George Birchenough studies interactions between microbes and mucus-secreting cells

What is your scientific background?

My life in research really started during my MSc training in Medical Microbiology at the London School of Hygiene & Tropical Medicine. Here I was introduced to and became fascinated by the mechanisms of microbial pathogenesis, in other words how various viral, bacterial and fungal organisms interact with and in some cases overcome the systems that much larger multicellular organisms have evolved to protect themselves. I went on to undertake a PhD project at University College London examining the infection mechanism of Neonatal Meningitis associated Escherichia coli (NMEC), a subset of bacteria that are a major cause of brain inflammation in very young and preterm infants, but that do not cause disease in older children or adults. NMEC initially invades its host via the intestine, and we reasoned that the basis for this age-dependency would be because of the developmental state of the host’s protective systems. This turned out to be correct, but not for the reasons we initially suspected. Surprisingly, we found that the basis of NMEC infection resistance was the postnatal development of the mucus barrier in the small intestine.

This discovery was made in collaboration with Gunnar Hansson’s Mucin Biology Group at University of Gothenburg, and after my PhD was completed, Gunnar offered me a postdoctoral position at GU and so I came to Sweden to continue my research. Here my work became much more focused on the host side of the host-microbe relationship, and I worked on the protective functions of specific mucus proteins and how mucus protective systems develop in the early stages of life. My most productive project resulted in the discovery of a novel sub-type of mucus secreting goblet cell, now designated “sentinel goblet cells” or “senGCs”. These cells sample and sense the microbial environment in the distal colon and orchestrate mucus secretion in response to bacteria that have penetrated through the protective mucus barrier.
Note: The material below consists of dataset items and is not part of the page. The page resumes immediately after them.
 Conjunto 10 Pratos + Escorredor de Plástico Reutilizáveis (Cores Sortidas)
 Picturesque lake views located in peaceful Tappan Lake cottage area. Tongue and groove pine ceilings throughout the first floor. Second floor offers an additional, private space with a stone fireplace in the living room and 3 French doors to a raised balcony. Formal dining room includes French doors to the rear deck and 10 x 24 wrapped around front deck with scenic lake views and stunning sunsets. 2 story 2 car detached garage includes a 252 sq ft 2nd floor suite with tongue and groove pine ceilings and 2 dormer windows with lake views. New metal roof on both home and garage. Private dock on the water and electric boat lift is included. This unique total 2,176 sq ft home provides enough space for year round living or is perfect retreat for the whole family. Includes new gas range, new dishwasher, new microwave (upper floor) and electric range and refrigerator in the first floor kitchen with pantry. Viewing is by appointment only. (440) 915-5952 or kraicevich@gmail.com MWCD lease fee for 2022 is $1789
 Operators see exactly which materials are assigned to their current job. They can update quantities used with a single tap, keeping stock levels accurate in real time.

At the time, goblet cells were considered as a homogenous and unifunctional cell type, so this was cool discovery. In my own lab, the themes of goblet cell functional diversity, infection and general host-microbe interactions really underpin all our ongoing work.  

What are the big scientific questions you are working with? Is there a vision for your research group?
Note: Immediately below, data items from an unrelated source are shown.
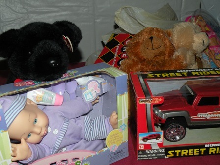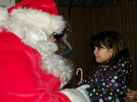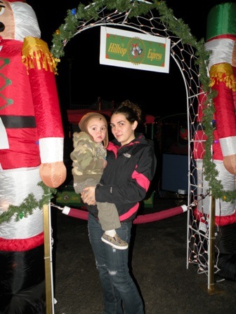 Families brought toys for the Toys-for-Tots collection sponsored by the Marine Corps League, and then young and old alike delighted in the train ride aboard the Hilltop Express. As families walked around the spacious Santa Village, they saw trees and lights, and large balloon-type
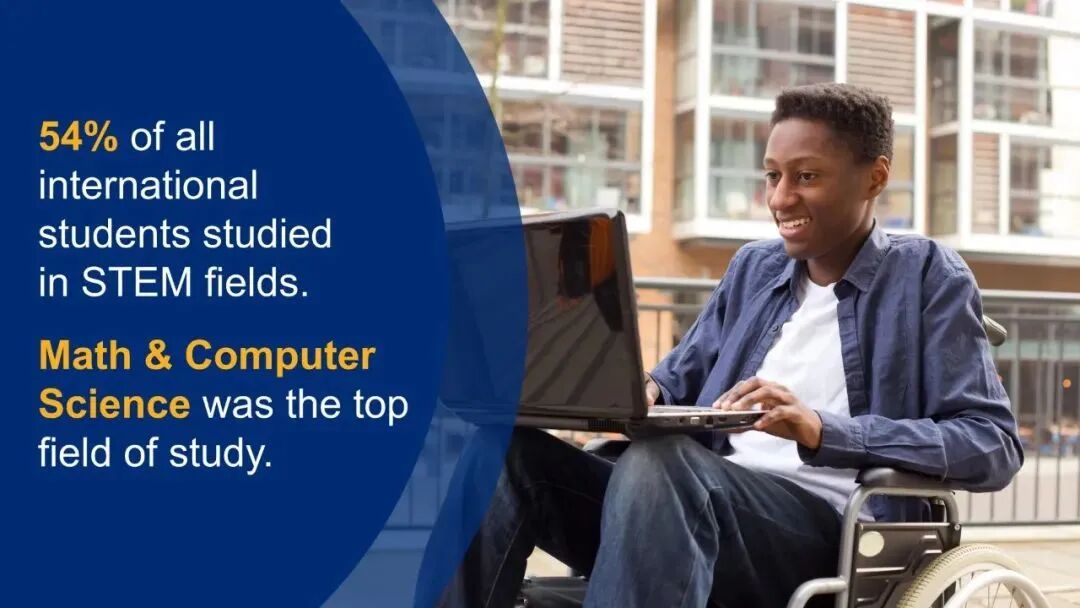 从国际生入读的专业来看,有54%的国际生选择入读STEM专业。
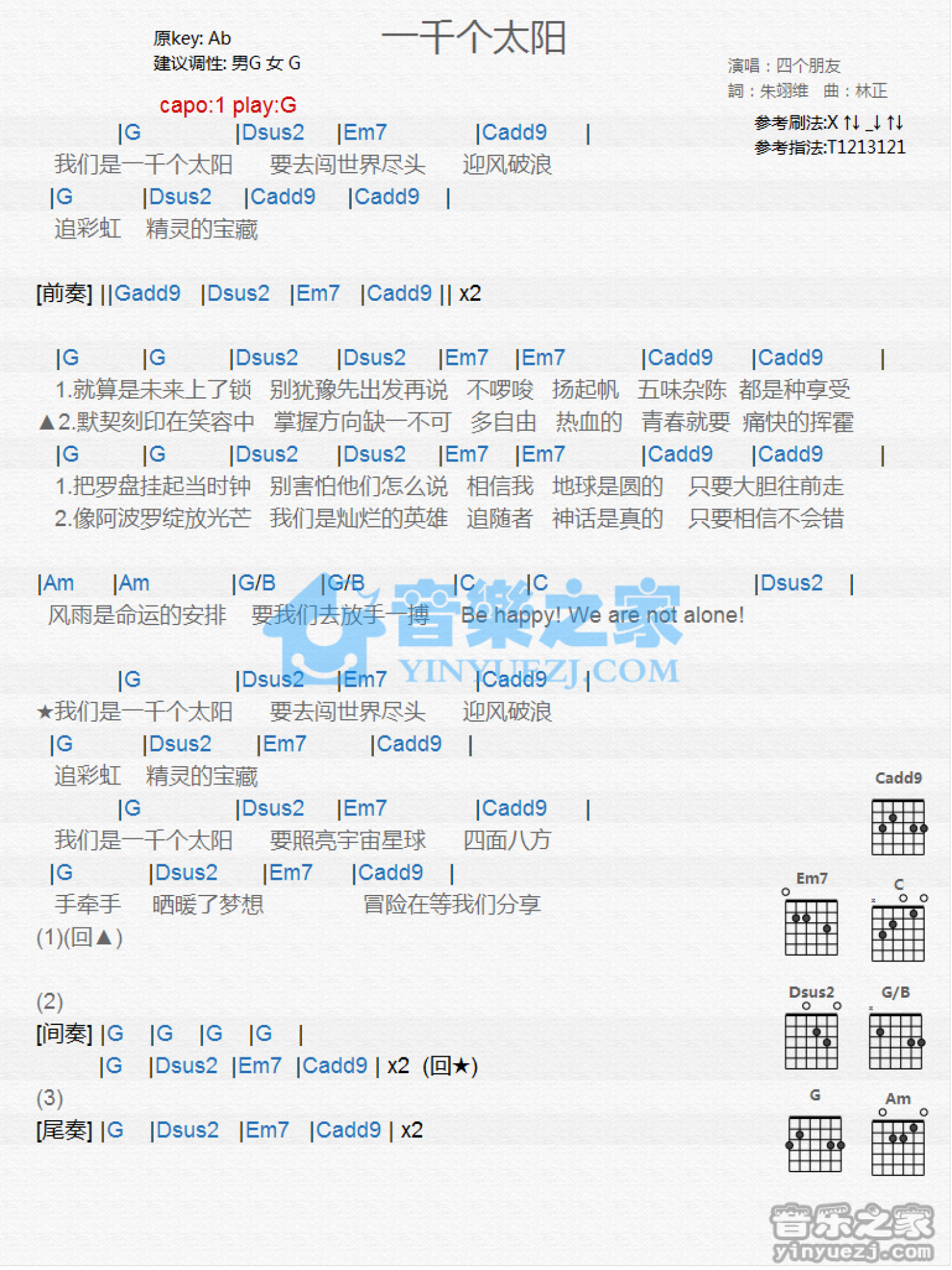 一千个太阳吉他谱 - 四个朋友 - G调吉他弹唱谱 - 和弦谱

Ultimately my goal is to understand how our bodies mucosal surfaces interact with microbes and how these interactions are altered to drive disease. Supposedly, 2000 years ago Hippocrates stated that “all disease begins in the gut”. While this is of course not entirely accurate, there is a great deal of truth to this statement, and I think it is quite safe to say that the majority of diseases we face today originate from interactions between our environment and our bodies mucosal surfaces, of which the gut and lungs are the major components. All of our mucosal surfaces perform life-critical functions that require exposure of living cells (i.e. unlike our skin) to an environment that is heavily colonized by microbes, especially in the gut. Controlling interactions between these microbes and our own tissues is critical to our health and has driven the evolution of multiple protective systems one of which is mucus secreted by goblet cells. In the gut mucus forms a barrier that physically prevents microbial interactions with our tissues, while at the same time providing a habitat and nutrient source to elements of the microbial community that in turn can compete with pathogens that might try to infect us. In pre-industrial communities our major problem was dealing with such pathogens; however, in post-industrial communities we now see that, significant changes in our lifestyle (e.g. diet) have caused pathological alterations in our relationship with microbes that are normally beneficial to us. Such alterations in the host-microbe balance are increasingly associated with non-communicable diseases such as inflammatory bowel disease, type 2 diabetes and colorectal cancer that have become increasing problems in modern society. I believe that understanding the basis of these maladapted interactions will allow us tune dietary, prophylactic and therapeutic interventions to help us to prevent such diseases, and that is the vision for my research team.

Why did you start with research?

I would love to be able to say that science has always been my passion, but this would not be true. My path to a research career has involved a lot of chance decisions and random events that could quite easily led in different directions. I come from a family of laywers, writers and artists, so had no exposure to medicine or science as a career path growing up, but I was always interested in biology at school, and it was that initial interest that formed the foundation of where I am today. I think that one of the most appealing aspects of science to me is the creative side, which maybe aligns more with my family background. Even if you are not the most gifted chemist or molecular biologist, if you have a strong creative side and a good imagination you will be able to spot opportunities or design experiments that others may miss.

What co-operations do you have today: with other scientific group, with industry, or clinical?

We have many collaborations with basic and clinical researchers, both here at GU and more broadly in Sweden, Europe, the US and Canada. My group is part of the Wallenberg Centre for Molecular & Translational Medicine which has been a great platform for interacting and collaborating with other group leaders at a similar career stage. If I was asked for advice to give to younger researchers, I would strongly suggest seeking out others at an equivalent career stage and joining societies within your field that provide networking opportunities to younger scientists.

Short description of your research for non-academics:

We study how mucus and mucus-secreting goblet cells control our interactions with microbial organsisms, and if alterations in those interactions can cause disease.